Start of Data under study
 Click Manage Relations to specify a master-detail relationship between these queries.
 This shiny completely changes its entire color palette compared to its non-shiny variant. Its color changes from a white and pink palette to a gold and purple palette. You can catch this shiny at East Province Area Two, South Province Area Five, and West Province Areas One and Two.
End of Data under study
Start of Data under study
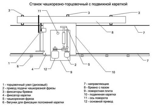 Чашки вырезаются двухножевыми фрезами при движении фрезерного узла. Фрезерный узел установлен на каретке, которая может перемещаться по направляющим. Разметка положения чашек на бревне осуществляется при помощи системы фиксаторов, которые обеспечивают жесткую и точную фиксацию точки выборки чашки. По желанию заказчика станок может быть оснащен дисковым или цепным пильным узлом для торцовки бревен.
End of Data under study
Start of Data under study
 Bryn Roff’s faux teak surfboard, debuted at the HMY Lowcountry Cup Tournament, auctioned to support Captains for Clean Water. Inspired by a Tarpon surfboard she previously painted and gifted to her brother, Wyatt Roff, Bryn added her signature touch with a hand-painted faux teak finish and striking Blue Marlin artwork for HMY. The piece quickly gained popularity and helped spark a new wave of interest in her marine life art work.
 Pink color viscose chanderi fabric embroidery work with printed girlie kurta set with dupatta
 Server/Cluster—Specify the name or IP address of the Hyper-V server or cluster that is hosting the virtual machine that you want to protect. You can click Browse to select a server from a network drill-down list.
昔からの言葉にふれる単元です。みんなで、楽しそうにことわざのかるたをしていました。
End of Data under study
When a line in the data contains "color", return it as written.

## Written response
 This shiny completely changes its entire color palette compared to its non-shiny variant. Its color changes from a white and pink palette to a gold and purple palette. You can catch this shiny at East Province Area Two, South Province Area Five, and West Province Areas One and Two.
 Pink color viscose chanderi fabric embroidery work with printed girlie kurta set with dupatta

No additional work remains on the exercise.